Yes, of course
What is that ominous scratching at the larder door? A cautious opening reveals a snap-shot from a science-fiction film. Across the floor sinister white tendrils snake in all directions, blindly seeking the light. Yes, your much neglected potatoes have decided to make a break for freedom. Plants without sunlight are a contradiction in terms, as ridiculous as suggesting that fungi might hunt or alternatively burst into flower. Plants underpin the entire biosphere. Along with the algae, their ability to capture sunlight using chlorophyll and thereby synthesize sugars is the source of primary productivity, while at the same time life-giving oxygen is exhaled. So no point looking for tulips in a cave; plants definitely need sunshine.
No, don’t be ridiculous
Deep within a tropical liana a parasite lurks. Consisting of single filaments this unwelcome visitor is almost impossible to distinguish from the surrounding tissues. But now comes the urge to reproduce. Cells coalesce and suddenly through the bark of the host a colossal red flower erupts. It is almost a metre across and from it wafts a putrid smell that, along with a repulsive appearance deceptively similar to rotting flesh, acts as magnet to flies. Fooled into thinking they are alighting on carrion, unwittingly these flies undertake the all-important task of pollination. Encountering the monstrous Rafflesia almost persuades you that you have stumbled across an extraterrestrial, but this relative of the spurges (euphorbiaceans) exemplifies those plants that, like Gollum, have turned their back on the sun. Sans leaves, sans chlorophyll, sans almost everything, here is a plant whose sole experience of the outside world is during flowering and the subsequent dispersal of its seeds to latch on to the next victim.

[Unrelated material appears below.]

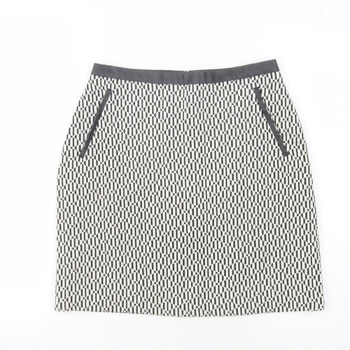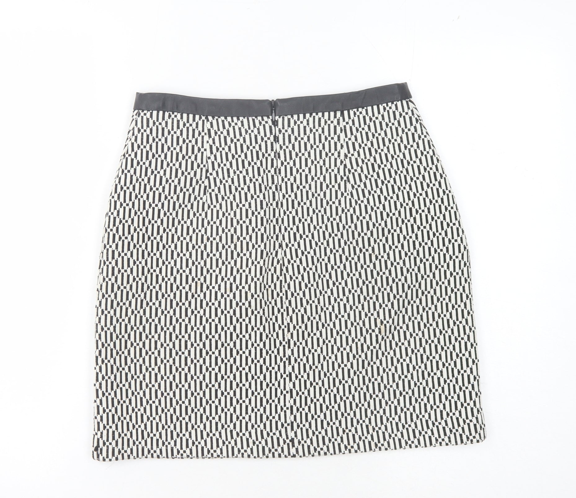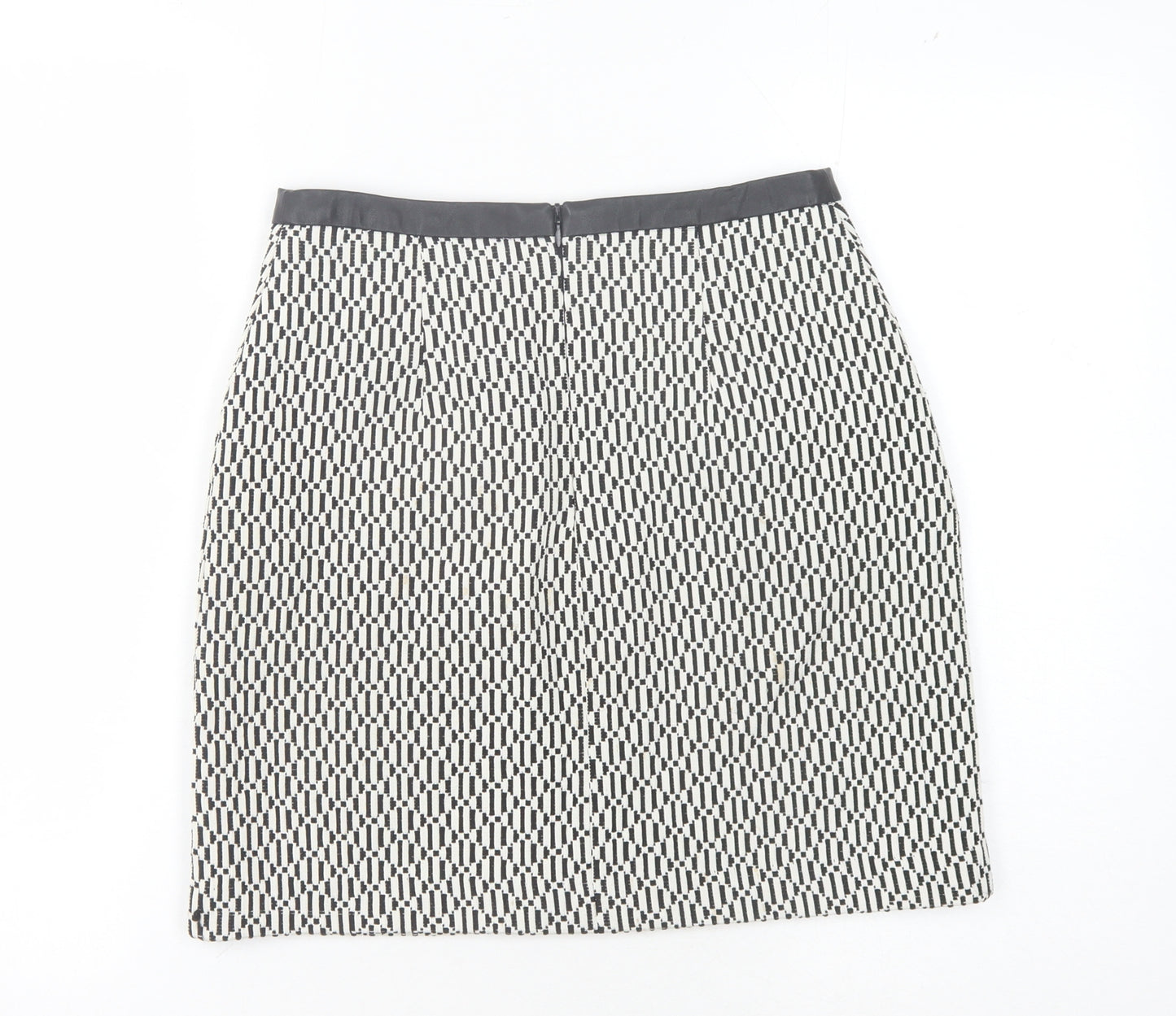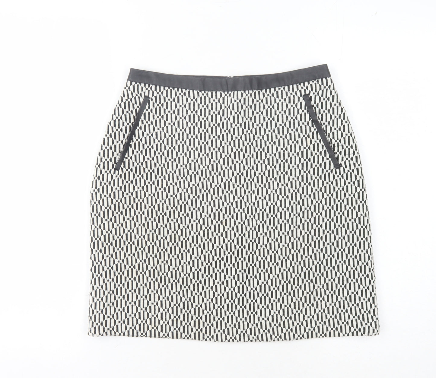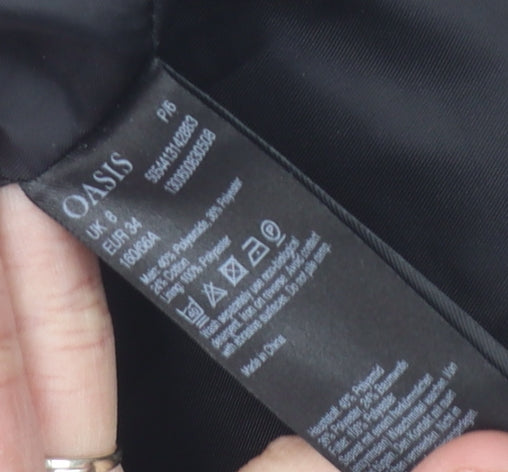 Step into style with this chic Oasis Women's Geometric Pencil Skirt, perfect for both business and casual occasions. Featuring a modern geometric pattern in classic black, this skirt offers a sophisticated look that pairs elegantly with any top. The mid-rise fit ensures comfort, while the convenient zip closure and practical pockets add functionality. Crafted with a high-quality blend of 55% polyester and 45% viscose, this skirt promises durability and ease of wear. Ideal for all seasons, it can seamlessly transition from the office to an evening out. Machine washable for easy care, this skirt is perfect for the busy modern woman. Its excellent condition and timeless design make it a must-have addition to your wardrobe.
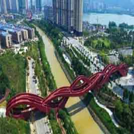 ▲近日,躋身CNN“世界最性感建筑”排行榜的長沙梅溪湖中國結步行橋全面建成(圖),即將對市民開放。這座步行景觀橋由直線形“散步道”和拱形“登山道”交叉組成。網(wǎng)友:走著走著就丟了……(中國日報)

Like us ultimately dependent on sunlight, but wholly reliant on its host. Rafflesia might be extreme in almost every sense of the word, but this evolutionary experiment is rampantly convergent. Many parasitic plants, such as the rafflesiaceans and that major agricultural pest, the dodder, intermingle their tissues with those of the host in order to drain them of nourishment. Others form an intimate association with fungi and you may wish to have a go at pronouncing mycoheterotrophy, for that is the name of this relationship. Orchids are past masters of this ability to raid the fungus of nutrients but here too there are extremes. Consider the Australian orchid Rhizanthella that lives and dies in the darkness, even flowering underground.
It all depends on the question
Maybe I am too anthropocentric but if bacteria living in boiling water are one extreme, so in other ways are many parasites. Forming a set of threads that ramify through the host is one such trick, found not only in parasitic plants but also a barnacle that injects itself into a crab and like Rafflesia is only obvious from the sex organs dangling into the outside world. Parasites teach us useful evolutionary lessons, and perhaps none more so than the plants. The road to darkness has been taken independently many times. In this respect the flowering plants (the angiosperms) stand out, but there is also a relative of the mosses, the aptly named ghostwort, while further afield the red algae repeatedly have disposed of their chloroplasts.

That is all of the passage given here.